Base Convert

Program :

m to n bas conversion

Purpose of the program : Purpose of this program is to convert a given integer to its corresponding number in another base.

Theory : To convert one number in any base to the number in another base we convert the given number to its decimal equivalent. Then we convert the decimal number to the number in output base.

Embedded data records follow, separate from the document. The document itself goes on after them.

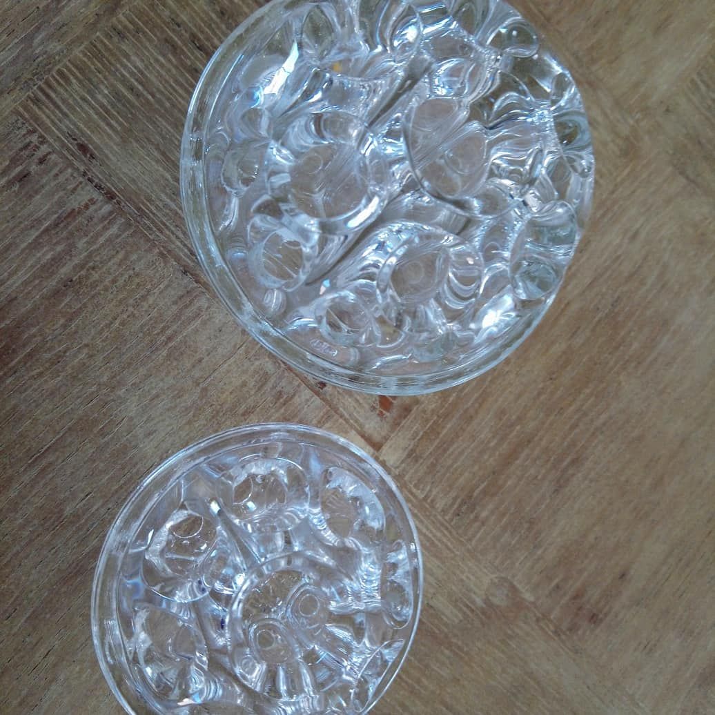 Paire de solifores en verre fabrication Française. Un 19 trous et le petit 9 trous. Vous pouvez y déposer fleurs, pinceaux de maquillage ou crayons. Plus élégants que nos pots traditionnels.
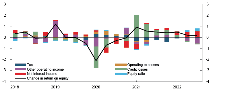 Overall, the financial system is judged to be well equipped to address the risks we are facing. Tightened capital and liquidity requirements over many years have better equipped banks in Norway and many other countries to deal with crises. Norwegian banks’ solid earnings are the first line of defence for absorbing losses and give banks the flexibility to lend to creditworthy firms and households. Banks’ profitability is expected to remain solid, but the risk of losses has risen.
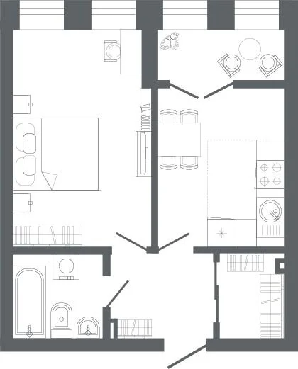 Такой формат помогает зонировать пространство под разные потребности.Для молодой пары это возможность организовать уютное рабочее место или зону для хобби на одном из уровней, сохраняя личное пространство. Для семьи — место, где родители могут расслабиться на первом этаже, а ребёнок играть или учиться на втором. И никто никому не мешает.

Algorithm : procedure mton_base_convert() { step 1: Input number as a digit string, source base and target base step 2: call mtodec() to convert the input digit string in base m to decimal number and store it in dec. step 3: call decton to convert the decimal number dec to output digit string in base n } Function mtodec(input_string, m) { [This function converts a digit string in base m to decimal number] step 1: dec=0, p=1 step 2: for(i= n to 1 decrease I by 1) { /*find the numeric value of input_string[i]*/ if(input_string[i]>=‘A’ AND input_string[i]<=’F) d= input_string[i] – ‘A’ +10 else if(input_string[i]>=‘a’ AND input_string[i]<=’f’) d= input_string[i] – ‘a +10 else if(input_string[i]>=‘0’ AND input_string[i]<=’9’) d= input_string[i] – ‘0’ dec= dec + p*d; p= p*m; } step 3: return dec }

Function decton(dec , n) { [ This function converts the decimal number dec to its equivalent digit string in base n] step 1: i=0; step 2: do step 3 to step 6 while dec!= 0 step 3: c=dec%n step 4: if(c>=0 AND c<=9) c=c+’0’ else if(c>=10 AND c<=15) c=c+’A’-10 step 5: output_string[i] = c step 6: dec=dec/n i=i+1 step 7: return output_string }

C code : /*********************************************************************** Program to convert a number of any base to the corresponding number of another base. *********************************************** ************************/#include <stdio.h> #include <string.h> long int mtodec ( char [100] , int ) ; int decton ( long int , int , char [100] ) ; int main() { char ip[100] , op[100] ; long int dec ; int ib , ob , n ; printf( "\n Enter input number: " ) ; scanf( "%s", ip ) ; printf( "\n Enter input base: " ) ; scanf( "%d", &ib ) ; printf( "\n Enter output base: " ) ; scanf( "%d", &ob ) ; /* calculate equivalent decimal number from input number */ dec = mtodec( ip , ib ) ; /* calculate equivalent output number from decimal number */ n = decton ( dec , ob ,op ) ; printf( "\n Output number:\n" ) ; printf( "%s\n", op ) ; return 0; }

/* This function converts number in any base m to equivalent decimal number */ long int mtodec ( char ip[100] , int ib ) { long int p=1 , dec=0 ; int i , d ; for( i = strlen( ip ) - 1 ; i >= 0 ;i-- ) { if( ip[i] >= 'A' && ip[i] <= 'F' ) d = ip[ i ] - 'A' + 10; else if( ip[i] >= 'a' && ip[i] <= 'f' ) d = ip[ i ] - 'a' + 10 ; else if( ip[ i ]>= '0' && ip[ i ] <= '9' ) d = ip[ i ] - '0' ; dec = dec + p*d ; p = p*ib ; } return ( dec ) ; } /* This function converts a decimal number to equivalent number in any base n */ int decton( long int dec , int ob , char op[100] ) { int i ; char c ; i=0; do { c = dec % ob ; if( c >= 0 && c <= 9 ) c = c + '0' ; else if( c >= 10 && c <= 15 ) c = c + 'A' - 10; op[ i ] = c ; dec = dec / ob ; i++ ; } while( dec != 0) ; op[ i ] = '\0' ; strrev( op ) ; return ( i ); }

Output : Enter input number: 10101 Enter input base: 2 Enter output base: 10 Output number: 21

Discussion : Time complexity of this program is O(n).where n is the length of input digit string. Conversion to binary or lower base than decimal base gives numbers of long length. So we use here strings to store the input and output numbers. So here integer to string and string to integer conversion is implemented.